После таких слов, конечно, Шетарди не мог ничего прибавить и поспешил вернуться к себе, чтобы сообщить в неуспехах этого дела двору своему.

Вообще, положение маркиза день ото дня становилось все затруднительнее: все на него косились, избегали разговоров с ним, многие едва кланялись. Появляясь во дворце, он испытывал большую неловкость, видя, что все, начиная с правительницы, тяготятся его присутствием и если до сих пор еще не позволяют себе с ним дерзостей, то единственно только вследствие его общественного положения.

Действительно, Остерман, в одно из последних свиданий своих с правительницей, объявил ей о необходимости удаления Шетарди, и Анна Леопольдовна нисколько не возражала против этого.

Остерман тотчас же написал русскому послу во Франции, Кантемиру.

«Поступки Шетарди — писал он, — так явно недоброжелательны, что мы имеем полную причину желать его отозвания отсюда. Только это нужно исходатайствовать таким образом, чтобы французское министерство, при нынешнем своем счастии и без того ни на кого не смотрящее, не получило повода к преждевременному разорению с нами дипломатических сношений и к сложению вины на нас.

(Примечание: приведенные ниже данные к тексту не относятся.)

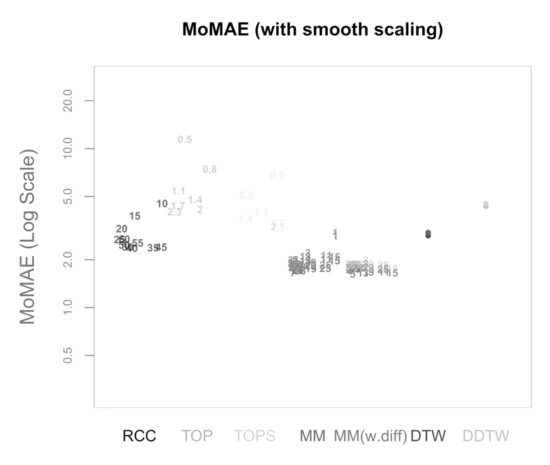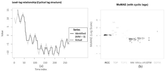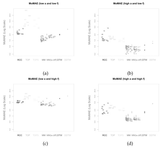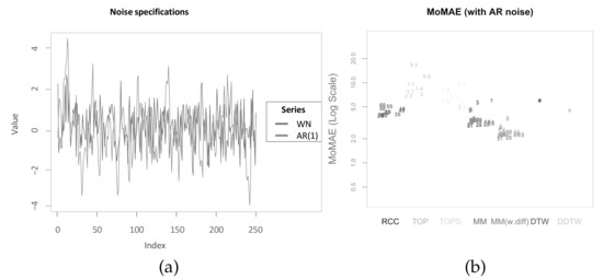 Overall, the robustness checks underline the findings of Section 5.2. Both main methodologies are outperforming the alternative methods for the majority of parameter values, and the lowest MoMAE is still always achieved by one parameter setting of MM or MM(w.diff). Again, the MoMAE values over all parameter constellations of the main methodologies are bundled very close. The robustness checks also show that, for all three checks, the levels of MoMAE for both main methodologies rose, indicating that the robustness checks increased the difficulty of accurately and swiftly identifying the actual time-varying lead-lag relationships. Generally, for identifying frequent and short-lasting lead-lag relationships, small values of the main methodology are preferable. Again, small does not refer to values of 1, which would correspond to classical DTW, as the inclusion of neighbourhood information proves valuable basically throughout the simulations. However, for more complex noise patterns, as with "AR noise", higher values of the subsequence length are superior due to increased robustness. The inclusion of first differences becomes valuable in case similar phases persistently deviate in their levels after Z-normalization, where then value-independent shape characteristics become more important. This latter finding is in line with further research on this topic [4,11].

Поэтому, надобно поступить в этом деле, смотря по тамошней склонности, министерскому нраву и обращению дел, и притом на ваше благорассуждение оставляю, не можете ли через то благосклонное к вам лицо, о котором в реляциях своих упоминаете, тамошнему министерству между прочим искусно внушить, что поступки Шетарди и интриги совершенно открылись, и потому он для французских интересов здесь более уже не может быть полезен. И что вследствие его поведения никто не желает с ним знакомства, все избегают его, как только можно, без явного озлобления».

Результат этого письма так же опоздал, как и манифест о правах на российский престол еще не родившихся сыновей и дочерей Анны Леопольдовны.

XII

Цесаревна Елизавета ожидала новых известий с театра войны и в то же время поручала Лестоку и своему старому учителю музыки, Шварцу, раздавать деньги гвардейским солдатам.

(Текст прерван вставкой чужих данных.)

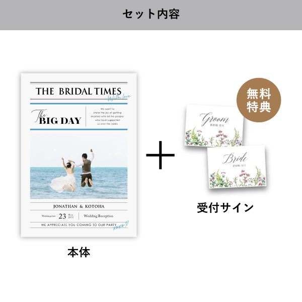 | 無料特典 | 受付サイン1組(新郎用×1組、新婦用×1組) |

Она чувствовала, что теперь приблизилось роковое время и желала только одного, чтобы сигнал к перевороту подан был из войска, чтобы ей, с ее петербургскими приверженцами, не нужно было начинать первой.

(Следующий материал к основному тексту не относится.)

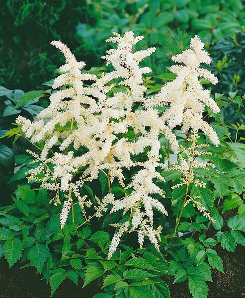 Astilbe japonica ‘Washington’, die Japanische Prachtspiere, ist eine elegante Gartenstaude mit klassischem Charme, die als Beetstaude im Halbschatten überzeugt. Ihre aufrecht getragenen, reinweißen Blütenrispen erscheinen von Juni bis Juli und schweben wie lichtvolle Federn über dichtem, frischgrünem, fein gefiedertem Laub. Der horstbildende Wuchs bleibt formschön und kompakt, wodurch sich diese Staude sowohl für Rabatten und den Vorder- bis Mittelgrund im Staudenbeet als auch für naturnahe Pflanzungen am Gehölzrand eignet. Als Solitär setzt sie helle Akzente, in der Gruppenpflanzung entsteht ein harmonischer Teppich mit gleichmäßiger Blütenschau. Auch als Kübelpflanze auf schattigen Terrassen macht die Prachtspiere eine gute Figur, sofern eine konstant gleichmäßige Feuchte gewährleistet ist.

Однако, несмотря на эту решимость и осторожность, которые противились всем убеждениям окружающих, цесаревна уже далеко не была такою робкою, как прежде. Она окончательно убедилась в слабости правительства и иной раз не сдерживалась, позволяла себе такого, рода поступки, от которых прежде бы непременно воздержалась.

Не в ее характере было ненавидеть даже врагов своих, но из числа их она все же выделяла Остермана — самого старого, самого заклятого недруга — и к нему в ней постоянно было злобное чувство, с которым она не могла справиться. Все готова она была простить, кроме неблагодарности, а неблагодарность Остермана переходила всякие пределы. Он всем своим положением, всем своим счастием был обязан ее отцу и матери, и неустанно преследовал ее, их любимую дочь.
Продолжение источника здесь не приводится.